__Try it__. Write the data below out exactly as it stands. Do not include the pictures.

__Recorded data__.
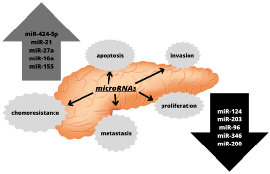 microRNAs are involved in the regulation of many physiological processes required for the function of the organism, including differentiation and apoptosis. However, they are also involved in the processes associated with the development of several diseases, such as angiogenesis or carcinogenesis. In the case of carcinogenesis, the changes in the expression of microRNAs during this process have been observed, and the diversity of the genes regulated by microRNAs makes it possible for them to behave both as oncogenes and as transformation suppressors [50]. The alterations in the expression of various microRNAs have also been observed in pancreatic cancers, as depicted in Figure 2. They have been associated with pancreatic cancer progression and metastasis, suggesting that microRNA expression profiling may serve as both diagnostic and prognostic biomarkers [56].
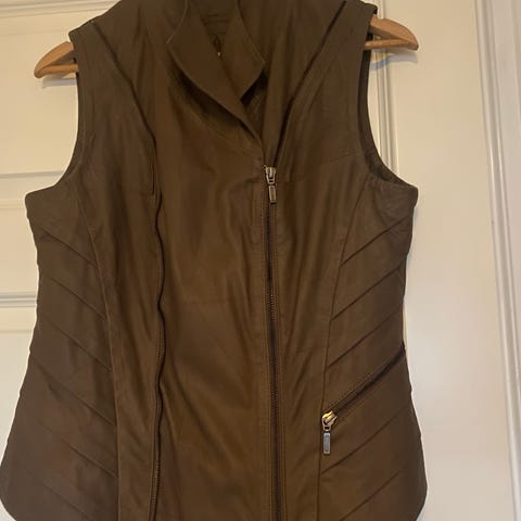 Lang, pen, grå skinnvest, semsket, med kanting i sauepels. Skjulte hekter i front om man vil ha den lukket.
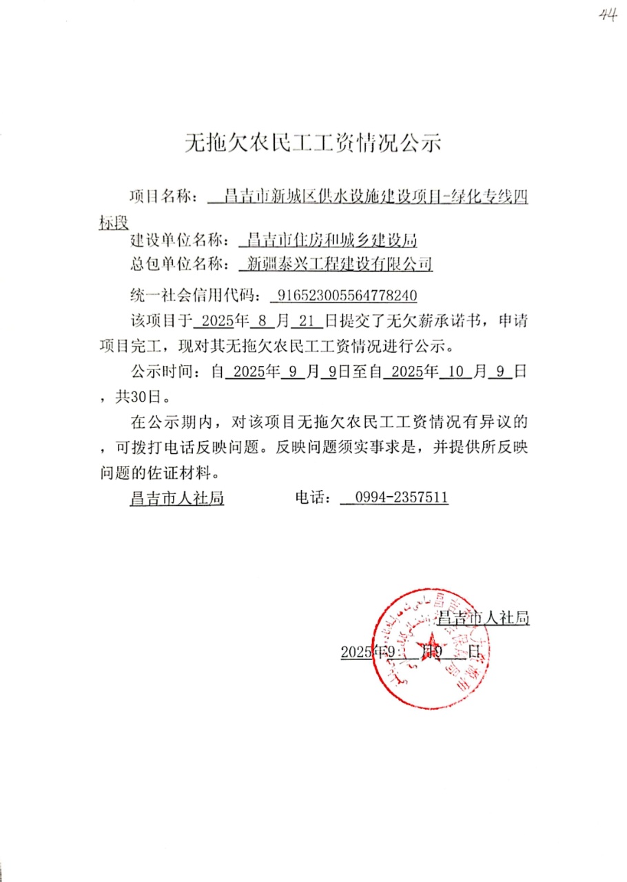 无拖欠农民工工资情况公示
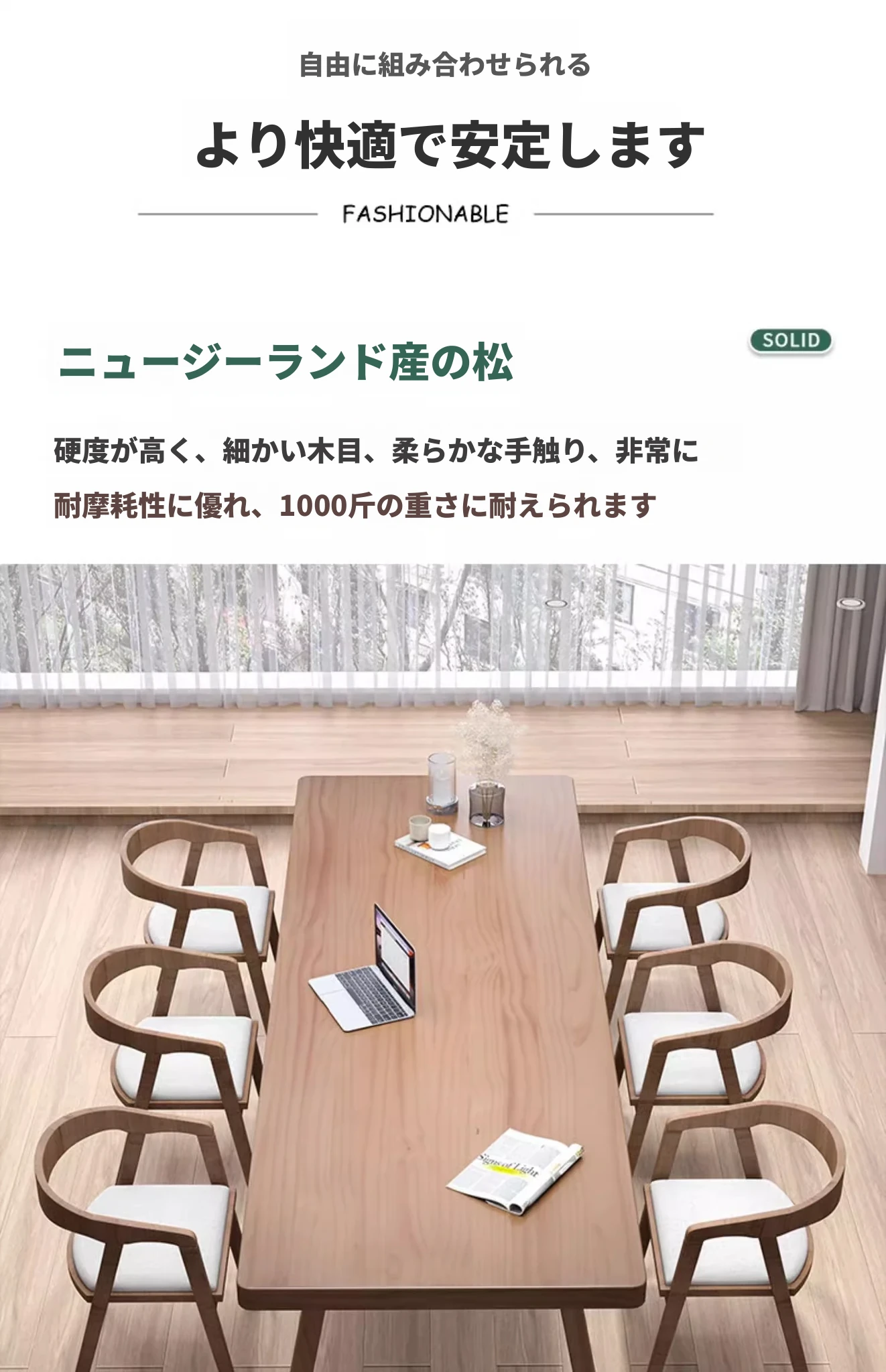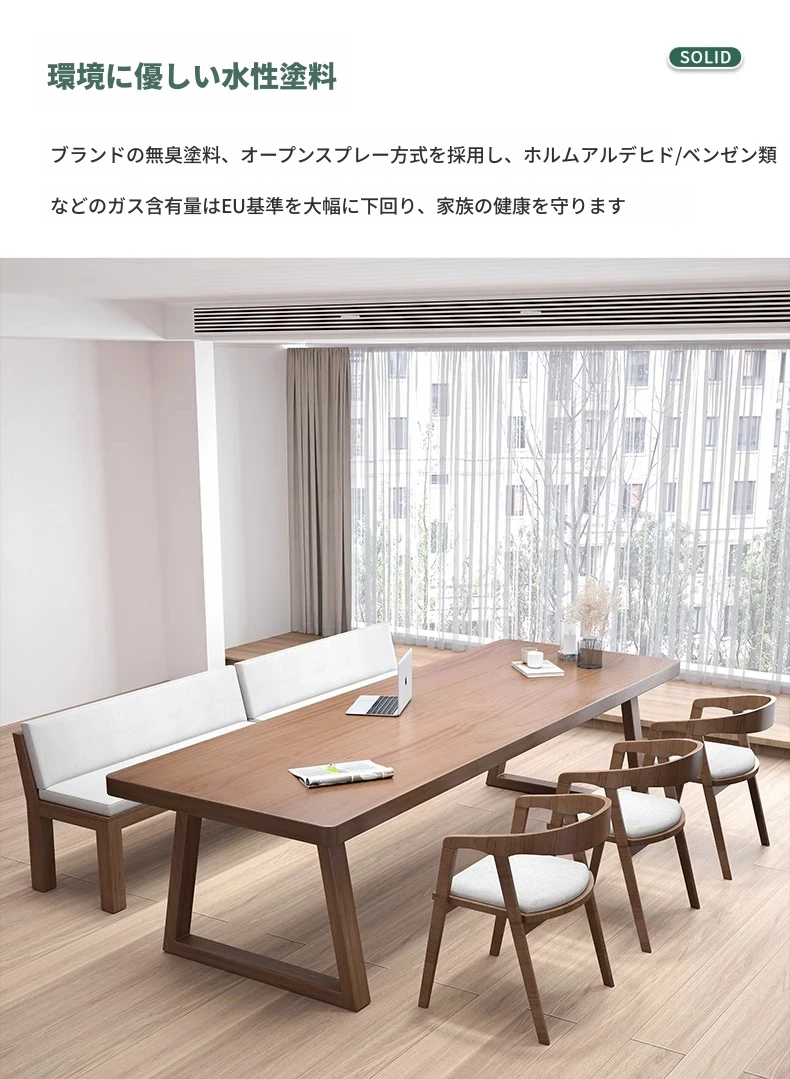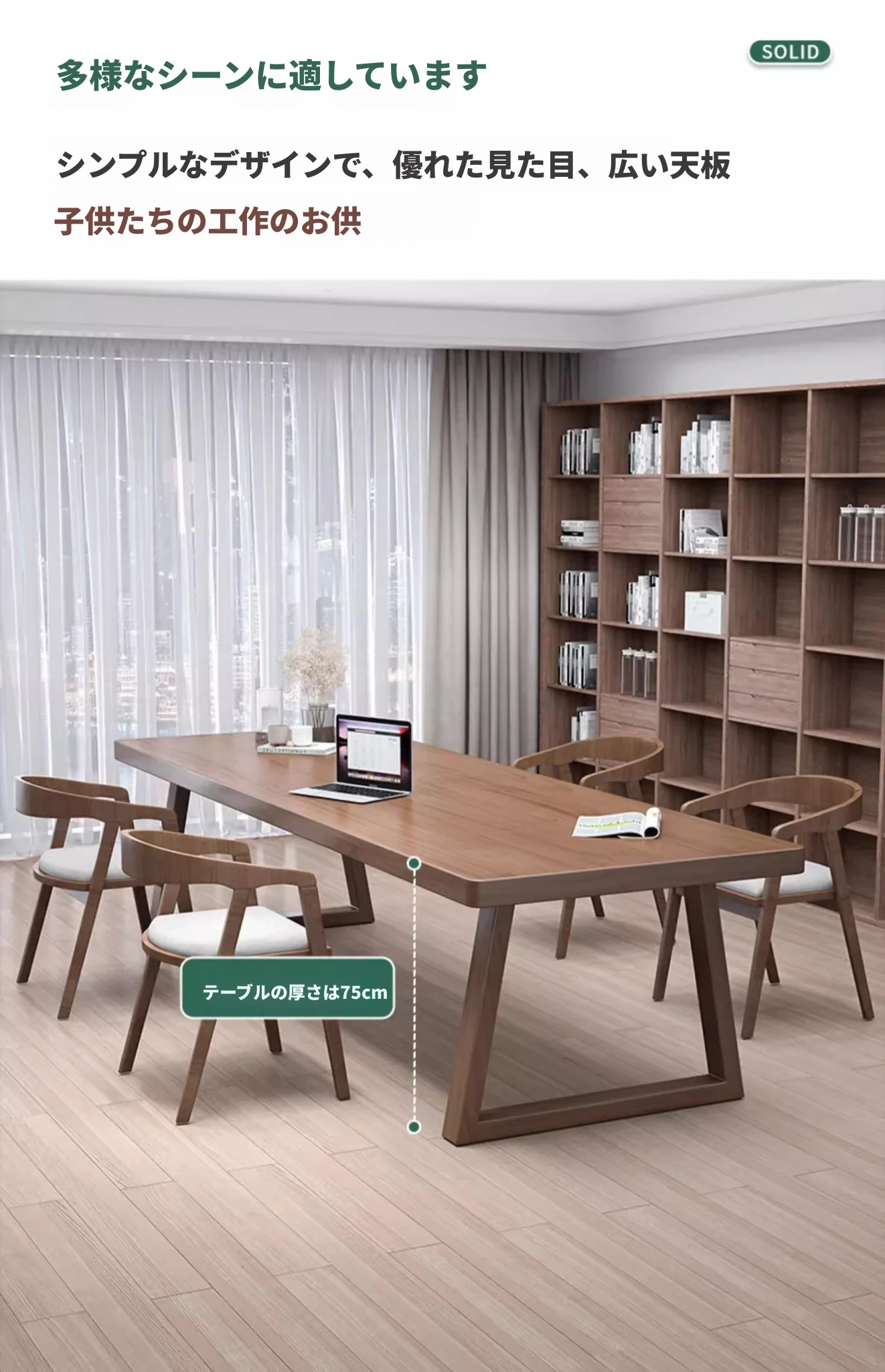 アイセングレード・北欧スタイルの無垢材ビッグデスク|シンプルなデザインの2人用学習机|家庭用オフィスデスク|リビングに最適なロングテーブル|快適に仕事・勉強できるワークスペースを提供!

__Task output__.
 microRNAs are involved in the regulation of many physiological processes required for the function of the organism, including differentiation and apoptosis. However, they are also involved in the processes associated with the development of several diseases, such as angiogenesis or carcinogenesis. In the case of carcinogenesis, the changes in the expression of microRNAs during this process have been observed, and the diversity of the genes regulated by microRNAs makes it possible for them to behave both as oncogenes and as transformation suppressors [50]. The alterations in the expression of various microRNAs have also been observed in pancreatic cancers, as depicted in Figure 2. They have been associated with pancreatic cancer progression and metastasis, suggesting that microRNA expression profiling may serve as both diagnostic and prognostic biomarkers [56].
 Lang, pen, grå skinnvest, semsket, med kanting i sauepels. Skjulte hekter i front om man vil ha den lukket.
 无拖欠农民工工资情况公示
 アイセングレード・北欧スタイルの無垢材ビッグデスク|シンプルなデザインの2人用学習机|家庭用オフィスデスク|リビングに最適なロングテーブル|快適に仕事・勉強できるワークスペースを提供!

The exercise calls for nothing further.